Considering that the on–off switches in model parameterizations may produce lots of discontinuities in practice, and one does not always know where these discontinuities are, a test that conducts the computation of Φ_{g} over a range of basic states may provide more information to verify the usefulness of an adjoint. With the same technique used in Fig. 7, we can check the feature of the adjoint solution with respect to a set of basic states defined by the different *α* values. Figure 12 exhibits the features of the nonlinear change (the numerator of Φ_{g} expression; Fig. 12a) and the first-order approximation (the denominator of Φ_{g} expression; Fig. 12b) of a perturbed cost function using the OTC-AS parameterization and its adjoint, and their ratio (Φ_{g}; Fig. 12c). The cost function is defined by (20) and the basic state by (15) where the states on the latitudes of 1.875°N(S) and 3.75°N(S) are used as **T**_{r}, **q**_{r} and **T**_{u}, **q**_{u} through a 0.001 interval of *α*.

Figure 12 shows that the ratio of nonlinear to linear perturbations derived from the adjoint (Figs. 12a and 12b, respectively) leads to conclusions similar to those obtained from Figs. 5–7. Between discontinuous points, the ratio is close to 1, meaning that the linear approximation derived from the adjoint accurately describes the nonlinear perturbations of the cost function. This is true except in the vicinity of the point *α* = 1, where the gradient is equal to 0 and the ratio becomes infinite. And, at discontinuous points, the linear approximation does not capture the sharp variations of the cost function *J*_{AS}.

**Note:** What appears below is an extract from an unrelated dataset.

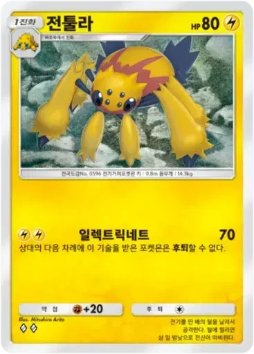 전툴라 | ⬛⬛ 일렉트릭네트 (70) ※ 추가 효과: 상대의 다음 차례에 이 기술을 받은 포켓몬은 후퇴할 수 없다. |
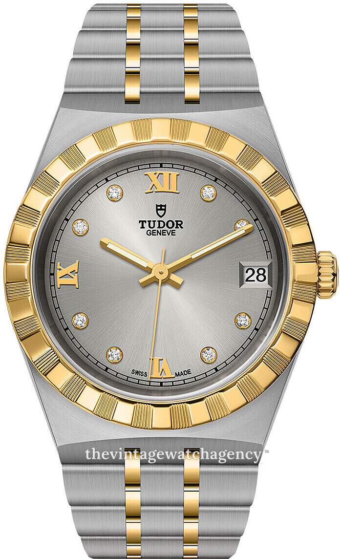 | Dial: | Silver with diamonds/roman numerals, luminescent hands |

## 6. Summary and conclusions

A diabatic forecast model including parameterized physics simulates the evolution of the atmosphere better than an adiabatic one does. Efforts have been made to incorporate parameterized physical processes into 4DVAR experiments to include satellite and radar measurements of rain rates and cloud properties and thus to enhance forecast skills. However, physical parameterizations include on–off switches that come from regime changes in the physical processes of the real atmosphere due to the numerical discretization. Many of them are hard to remove. Examples include the triggering of moist processes and different regimes in the surface processes. These on–off switches make the nonlinear model solution and the cost function defined in 4DVAR discontinuous.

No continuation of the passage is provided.